# TRY IT:
Retype the following data exactly, but leave its pictures out.

# INPUT DATA:
--------------------

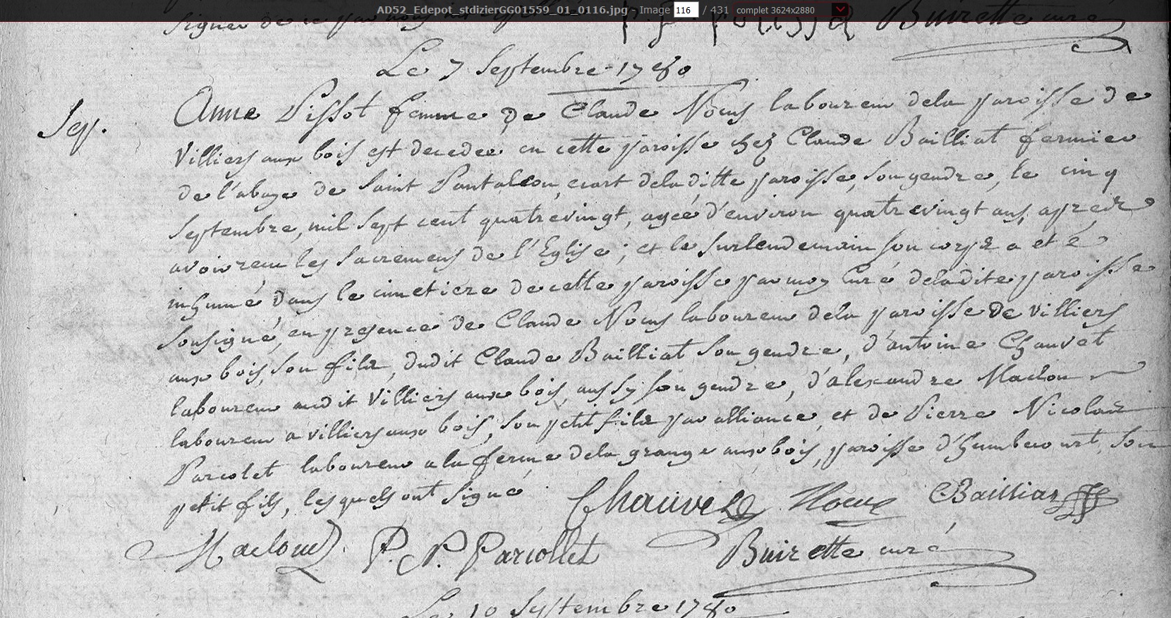 née le 7 juillet 1701 à Villiers-aux-Bois - Haute-Marne (52)
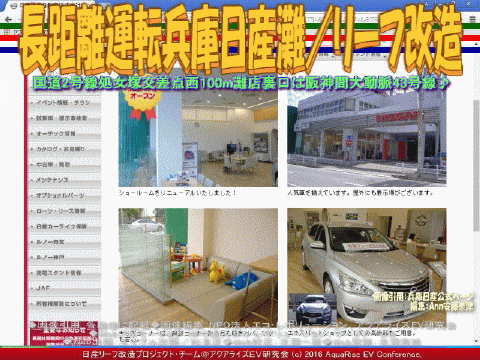 このアクアライズEV研究会のサイト検索は <日産リーフ改造>又は <リーフ改造>と入力してください。 『リーフカーラッピング』のYahoo!検索は、 ▼ここをクリック | ||||
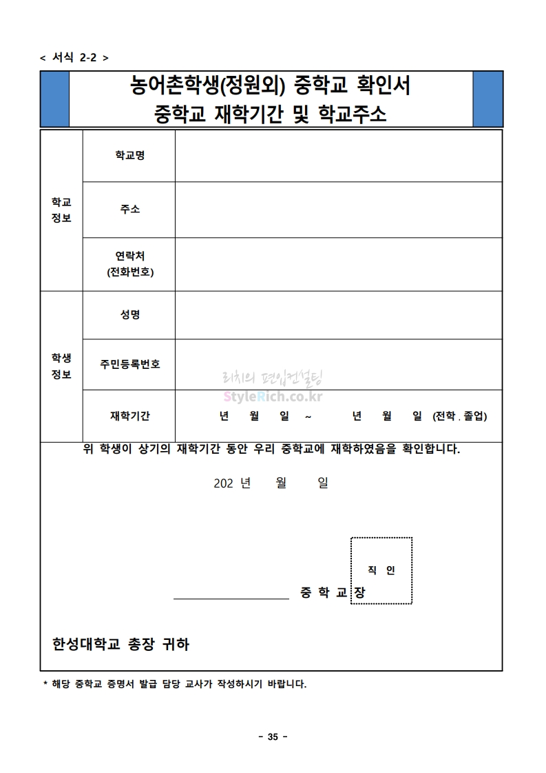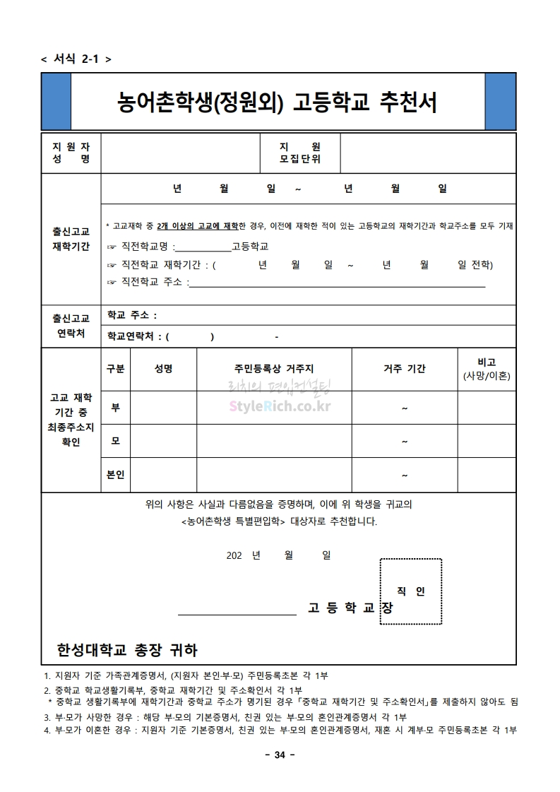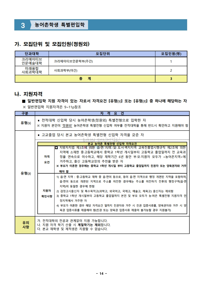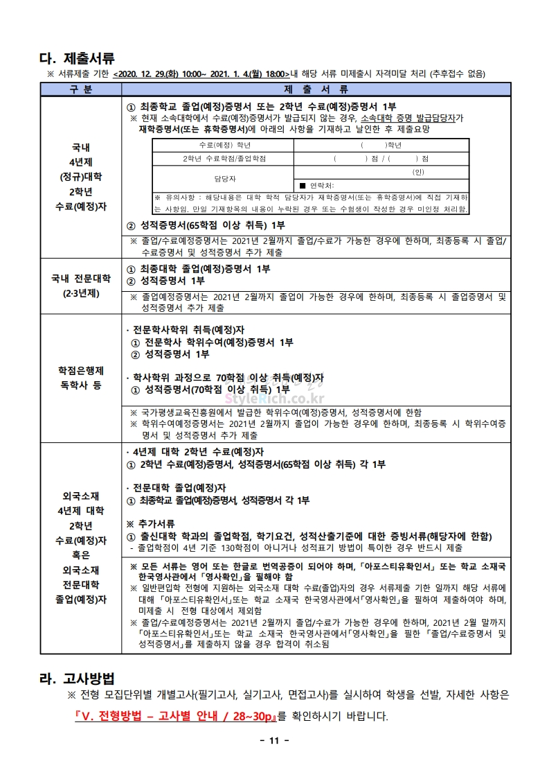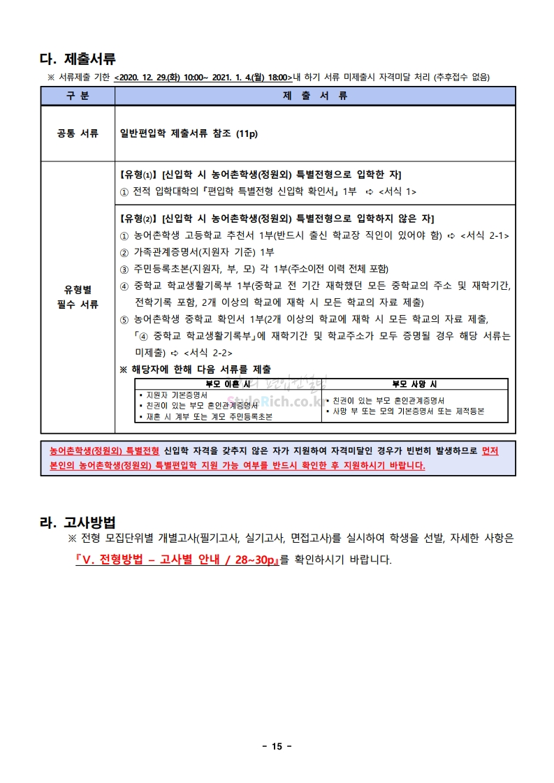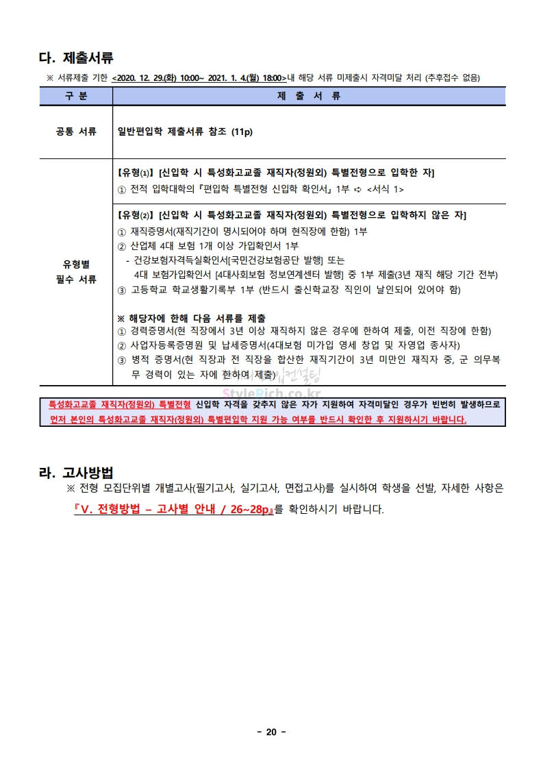 한성대 편입 2021학년도 모집요강 간편하게 보자! 2020.12.23 01:27 편입 모집요강/2021학년도 모집요강 2021학년도 한성대 편입 모집요강(2020.12.17 기준)을 간편하게 확인하세요. PC나 모바일에서 이미지를 클릭(터치) 후 이미지의 좌우측을 클릭(터치)하면 모집요강의 순서를 앞뒤로 넘길 수 있습니다. 좌측 클릭(터치)는 이전 페이지, 우측클릭(터치)는 다음 페이지입니다. * 최종 모집요강 발표 이후에도 내용의 일부가 변경될 수 있으니 지원 전 반드시 한성대 입학처 모집요강을 확인 바립니다. 2021학년도 한성대 편입 모집요강 다운받기 21 전기편입요강v5.pdf 0.96MB <출처: 한성대> 집에서🏠 스펙과 힐링을 동시에 일석이조 비대면 대학생활하기! 📚🌳 공유하기 게시글 관리 리치의 편입컨설팅 저작자표시 비영리 변경금지 (새창열림) '편입 모집요강 > 2021학년도 모집요강' 카테고리의 다른 글 덕성여대 편입 2021학년도 모집요강 간편하게 보자! (0) 2020.12.24 한양대(에리카) 편입 2021학년도 모집요강 간편하게 보자! (0) 2020.12.23 인천대 편입 2021학년도 모집요강 간편하게 보자! (0) 2020.12.20 성신여대 편입 2021학년도 모집요강 간편하게 보자! (0) 2020.12.20 성균관대 편입 2021학년도 모집요강 간편하게 보자! (0) 2020.12.18 댓글 공유하기 다른 글 댓글 이 글 공유하기 구독하기 구독하기 카카오톡 카카오톡 라인 라인 트위터 트위터 Facebook Facebook 카카오스토리 카카오스토리 밴드 밴드 네이버 블로그 네이버 블로그 Pocket Pocket Evernote Evernote 다른 글 덕성여대 편입 2021학년도 모집요강 간편하게 보자! 덕성여대 편입 2021학년도 모집요강 간편하게 보자! 2020.12.24 한양대(에리카) 편입 2021학년도 모집요강 간편하게 보자! 한양대(에리카) 편입 2021학년도 모집요강 간편하게 보자! 2020.12.23 인천대 편입 2021학년도 모집요강 간편하게 보자! 인천대 편입 2021학년도 모집요강 간편하게 보자! 2020.12.20 성신여대 편입 2021학년도 모집요강 간편하게 보자! 성신여대 편입 2021학년도 모집요강 간편하게 보자! 2020.12.20 다른 글 더 둘러보기

--------------------

# EXPECTED OUTPUT:
 née le 7 juillet 1701 à Villiers-aux-Bois - Haute-Marne (52)
 このアクアライズEV研究会のサイト検索は <日産リーフ改造>又は <リーフ改造>と入力してください。 『リーフカーラッピング』のYahoo!検索は、 ▼ここをクリック | ||||
 한성대 편입 2021학년도 모집요강 간편하게 보자! 2020.12.23 01:27 편입 모집요강/2021학년도 모집요강 2021학년도 한성대 편입 모집요강(2020.12.17 기준)을 간편하게 확인하세요. PC나 모바일에서 이미지를 클릭(터치) 후 이미지의 좌우측을 클릭(터치)하면 모집요강의 순서를 앞뒤로 넘길 수 있습니다. 좌측 클릭(터치)는 이전 페이지, 우측클릭(터치)는 다음 페이지입니다. * 최종 모집요강 발표 이후에도 내용의 일부가 변경될 수 있으니 지원 전 반드시 한성대 입학처 모집요강을 확인 바립니다. 2021학년도 한성대 편입 모집요강 다운받기 21 전기편입요강v5.pdf 0.96MB <출처: 한성대> 집에서🏠 스펙과 힐링을 동시에 일석이조 비대면 대학생활하기! 📚🌳 공유하기 게시글 관리 리치의 편입컨설팅 저작자표시 비영리 변경금지 (새창열림) '편입 모집요강 > 2021학년도 모집요강' 카테고리의 다른 글 덕성여대 편입 2021학년도 모집요강 간편하게 보자! (0) 2020.12.24 한양대(에리카) 편입 2021학년도 모집요강 간편하게 보자! (0) 2020.12.23 인천대 편입 2021학년도 모집요강 간편하게 보자! (0) 2020.12.20 성신여대 편입 2021학년도 모집요강 간편하게 보자! (0) 2020.12.20 성균관대 편입 2021학년도 모집요강 간편하게 보자! (0) 2020.12.18 댓글 공유하기 다른 글 댓글 이 글 공유하기 구독하기 구독하기 카카오톡 카카오톡 라인 라인 트위터 트위터 Facebook Facebook 카카오스토리 카카오스토리 밴드 밴드 네이버 블로그 네이버 블로그 Pocket Pocket Evernote Evernote 다른 글 덕성여대 편입 2021학년도 모집요강 간편하게 보자! 덕성여대 편입 2021학년도 모집요강 간편하게 보자! 2020.12.24 한양대(에리카) 편입 2021학년도 모집요강 간편하게 보자! 한양대(에리카) 편입 2021학년도 모집요강 간편하게 보자! 2020.12.23 인천대 편입 2021학년도 모집요강 간편하게 보자! 인천대 편입 2021학년도 모집요강 간편하게 보자! 2020.12.20 성신여대 편입 2021학년도 모집요강 간편하게 보자! 성신여대 편입 2021학년도 모집요강 간편하게 보자! 2020.12.20 다른 글 더 둘러보기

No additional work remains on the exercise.